■ Problem details: When you reach the line holding "إننا في المنسقية", please begin to restate the lines word for word and continue through the last one in the material, excluding pictures.

■ Dataset excerpt:
▼

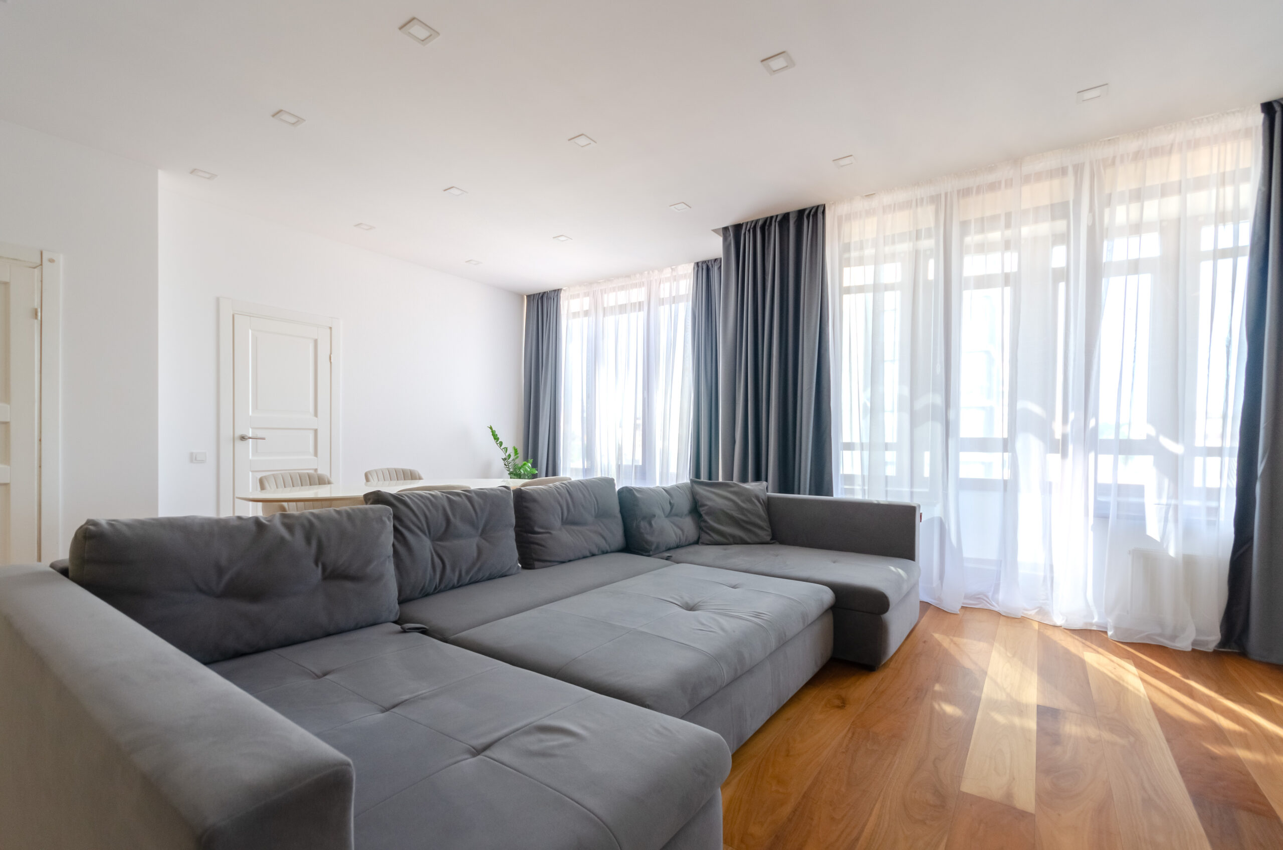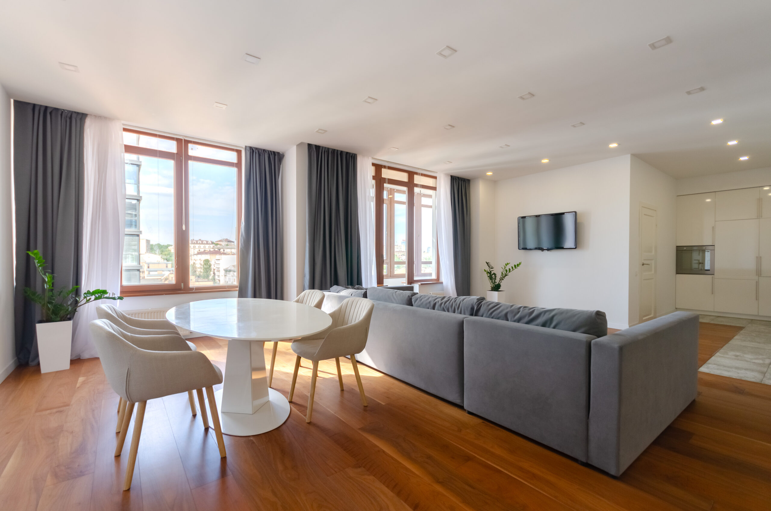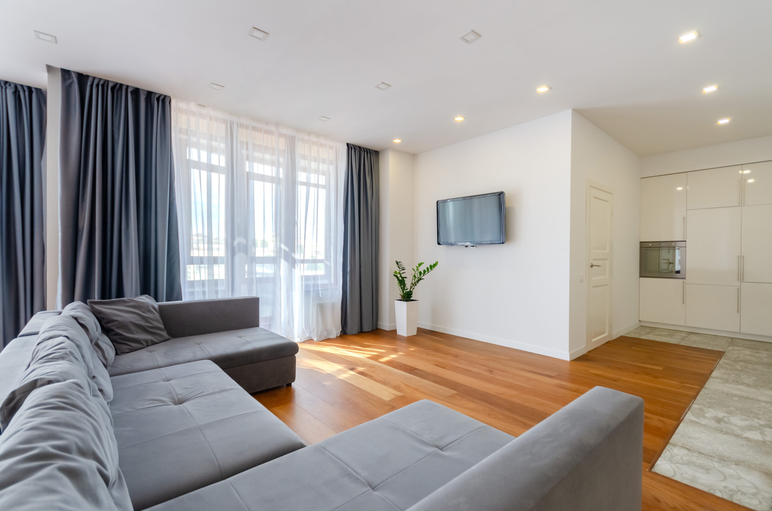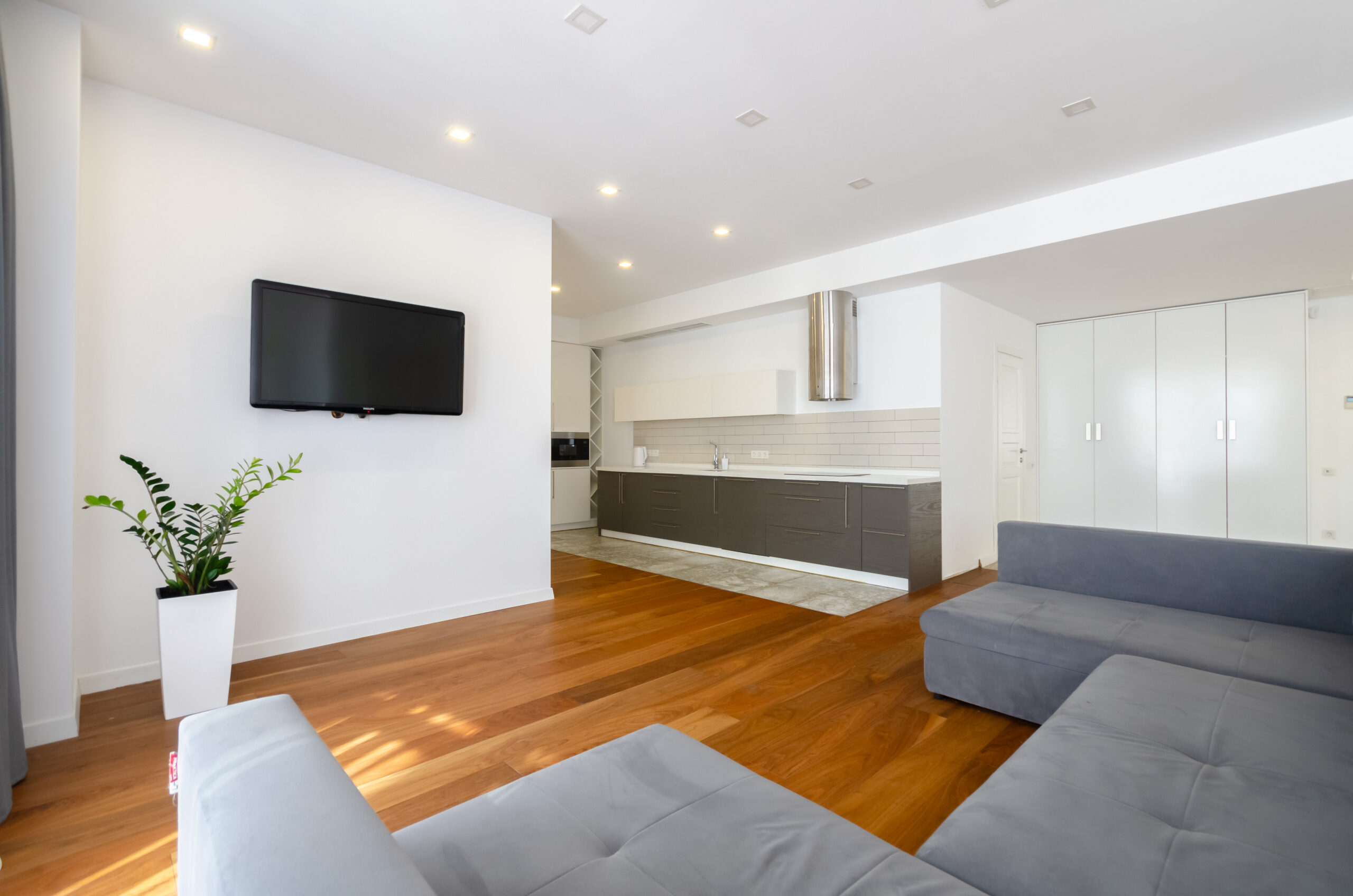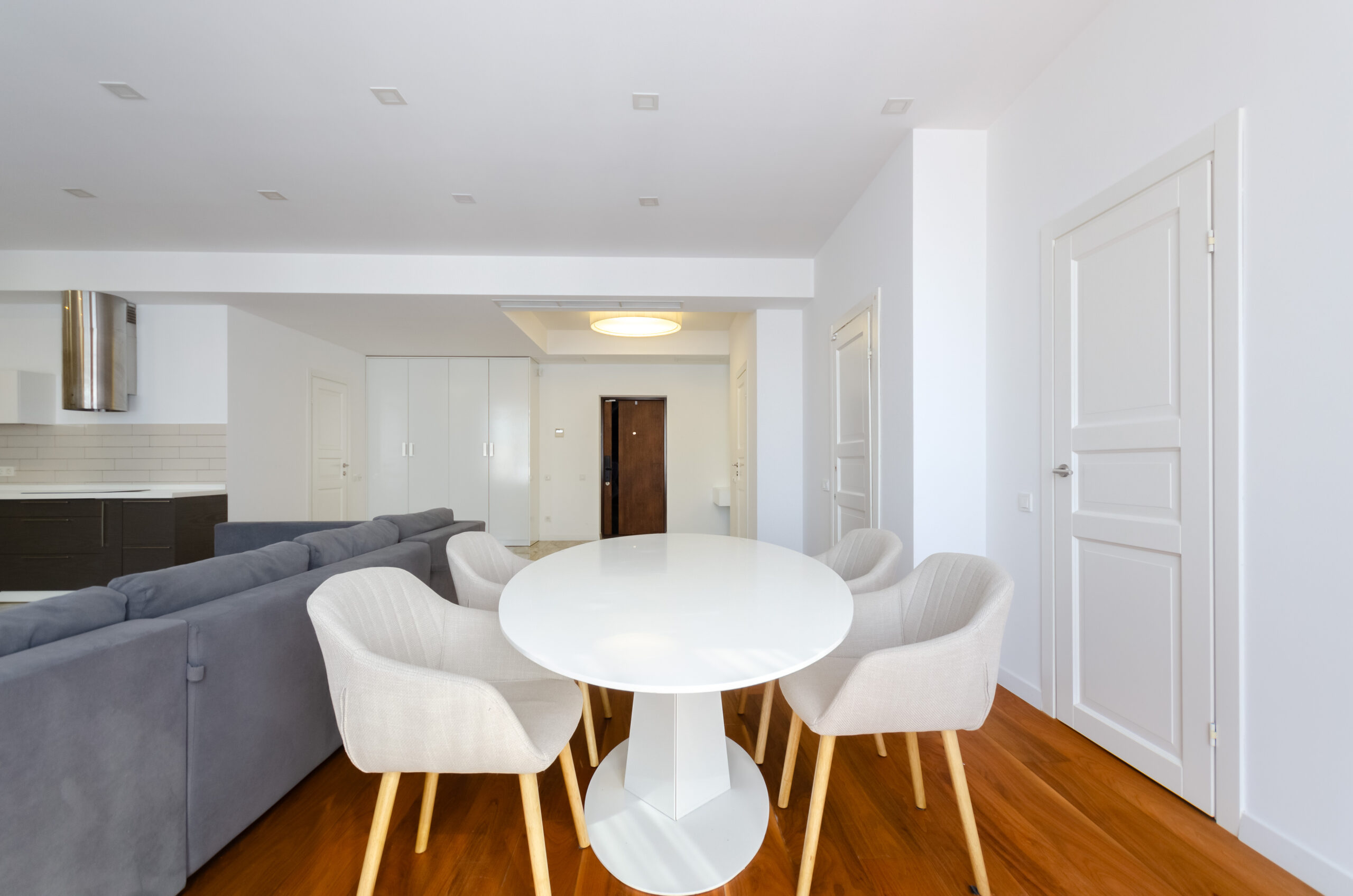 – living room (divided into zones, includes a kitchen): double sofa 160 * 200 cm, flat-screen TV, Smart-TV, kitchen (refrigerator, washing machine, microwave, kettle, electric stove, oven, pots, pans, all necessary utensils, cups, glasses, dining table.
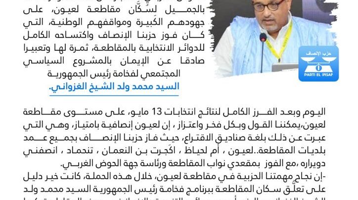 إننا في المنسقية المقاطعية لحملة حزب الإنصاف، على مستوى مقاطعة لعيون عاصمة الحوض الغربي ، لنعبر عن امتناننا وعرفاننا بالجميل لِسُكَّان مقاطعة لعيون، على جهودهم الكبيرة ومواقفهم الوطنية، التي كان فوز حزبنا الإنصاف واكتساحه الكامل للدوائر الانتخابية بالمقاطعة، ثمرة لها وتعبيرا صادقا عن الإيمان بالمشروع السياسي المجتمعي لفخامة رئيس الجمهورية السيد محمد ولد الشيخ الغزواني.
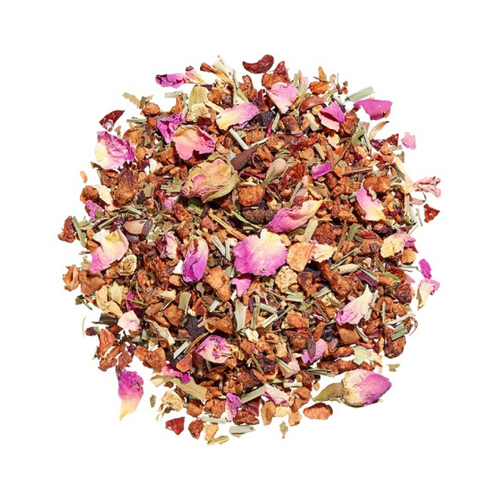 リンゴ、ローズヒップピール、スイートブラックベリーの葉、レモンピール、チコリの根のロースト、レモングラス、ハイビスカス、バラの花びら/酸味料(クエン酸)、香料
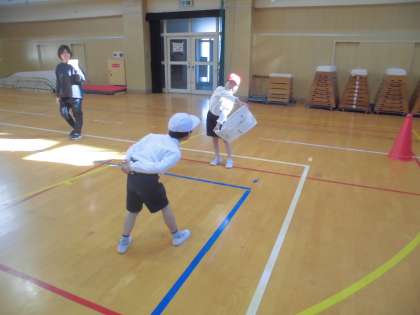 その後、「新聞」や「動物」なりきる表現遊びをしました。

▲

■ Answer for this exercise:
 إننا في المنسقية المقاطعية لحملة حزب الإنصاف، على مستوى مقاطعة لعيون عاصمة الحوض الغربي ، لنعبر عن امتناننا وعرفاننا بالجميل لِسُكَّان مقاطعة لعيون، على جهودهم الكبيرة ومواقفهم الوطنية، التي كان فوز حزبنا الإنصاف واكتساحه الكامل للدوائر الانتخابية بالمقاطعة، ثمرة لها وتعبيرا صادقا عن الإيمان بالمشروع السياسي المجتمعي لفخامة رئيس الجمهورية السيد محمد ولد الشيخ الغزواني.
 リンゴ、ローズヒップピール、スイートブラックベリーの葉、レモンピール、チコリの根のロースト、レモングラス、ハイビスカス、バラの花びら/酸味料(クエン酸)、香料
 その後、「新聞」や「動物」なりきる表現遊びをしました。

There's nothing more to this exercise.